Оказалось, он просит совета. Но какого? Никогда Борис не видел отца таким растерянным, жалким. Самым неприятным было то, что мучившая Крамаренко проблема — молчать или не молчать об афере с цементом — не показалась Борису чем-то серьезным.
— Что значит «съедят»? Управы на них, что ли, нет? — возмутился Борис.
— Наивный ты человек, — проворчал Крамаренко, — мошенники они или не мошенники, еще никем не доказано. Одно мне известно, что у них в руках сила. Нешуточная сила. Везде связи. Круговая порука.
Борис еле сдержался, чтобы не выпалить: «Чушь!». Подумал: «Хорошо, что Ирма задержалась в лаборатории, а то был бы скандал. Она чуть ли не в драку лезет, когда при ней всякую гниль пытаются выдать за «знамение века».
Звонко вздрогнули оконные стекла. Крамаренко бросил взгляд на окно и увидел дымчатый хвост от скоростного самолета.
— Ясное дело, — сказал он Борису задумчиво, — я не о той силе, которая движет науку и прочее.

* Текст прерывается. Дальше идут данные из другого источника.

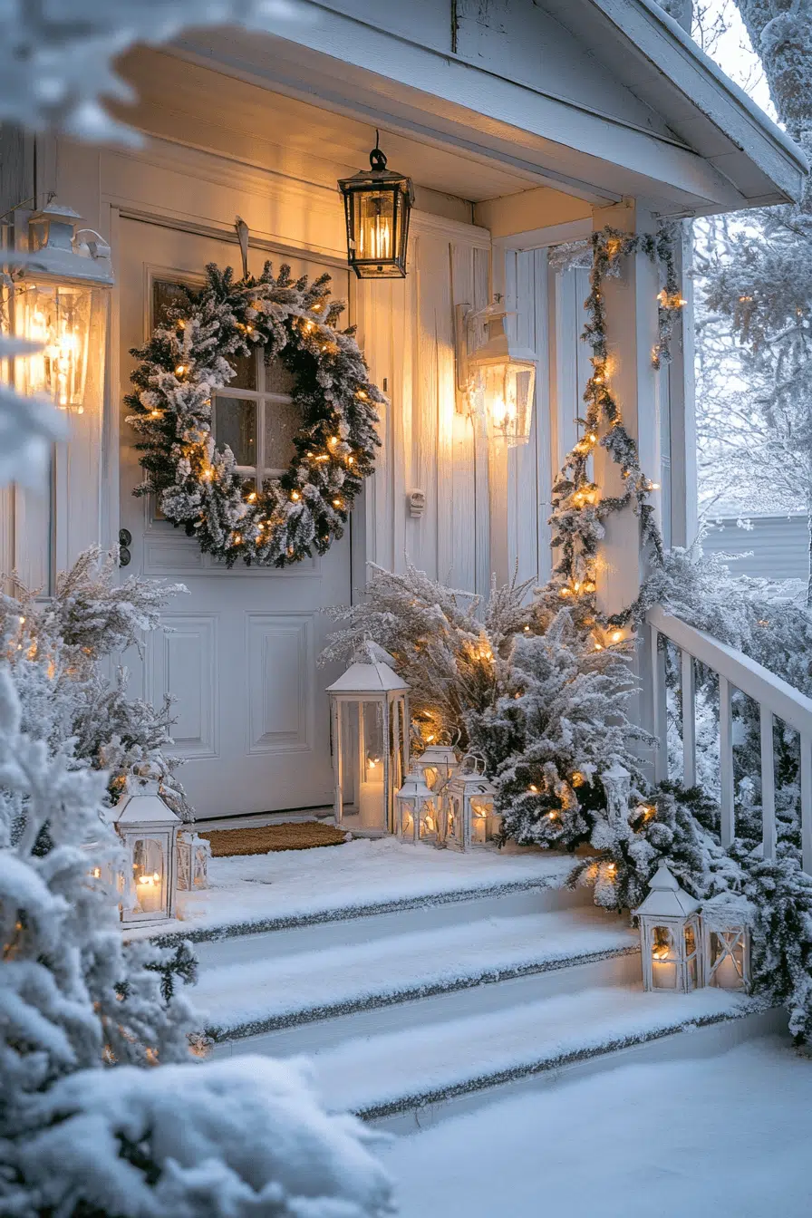 Design a peaceful holiday escape with front porch Christmas decor inspired by snow-dusted mornings. Frosted pine garlands, shimmering ribbons, and white wreaths create a quiet elegance. Add soft lights to mimic falling snowflakes. The look is tranquil, delicate, and dreamlike.
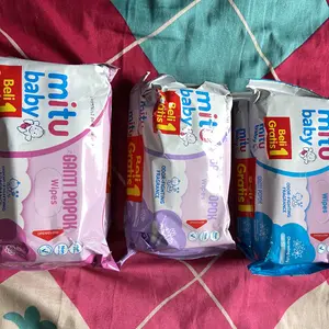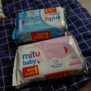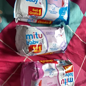 Alhamdulillah..... Paketan tisu basah paket 6 pcs /3 pack MITU BABY WIPES 50s tisu basah bayi mix nya sudah nyampe dirumah juga.....
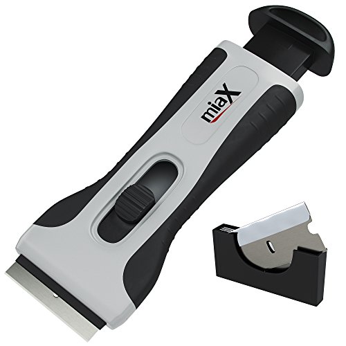 MiaX Professionell keramisk hällskrapa - din pålitliga skrapa för kök och hushåll - stabil hällskrapa med mjukt handtag - ersättningsblad integrerade i glasskrapa
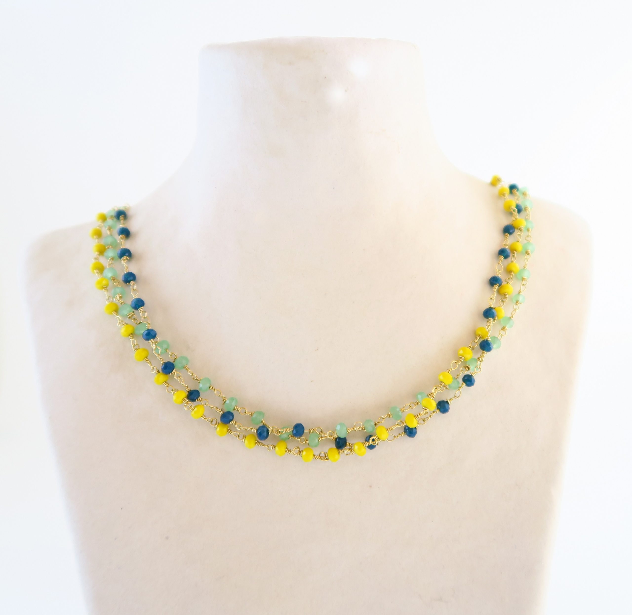 Ras de cou triple avec chainettes en perles de cristal et petite étoile.

Но в масштабах обыденной жизни не стоит мне тягаться с Богданчиком.
— В чем же его «сила», отец?
— Я по действиям о человеке сужу, — уклонился Крамаренко от прямого ответа. — Если такой Богданчик вагонами краденого стройматериала ворочает, по своему вкусу кадры себе подбирает, уживчивых премирует, строптивых — коленкой под зад… И если он при этом ничего не боится — есть у него сила, я тебя спрашиваю, или нет?
— Какая же это сила, — поежился Борис, внутренне стыдясь за отца, — просто наглость… увертливость… наплевательство какое-то дикое. Прикарманить, пропить — вот и вся философия.
— Хорошо, — сказал Крамаренко, — допустим, он пропьет, прогуляет, ну а дальше что? Как ему дальше существовать, если нет у него уверенности? Почвы нет под ногами? Если он силы не чувствует? Какие у него перспективы?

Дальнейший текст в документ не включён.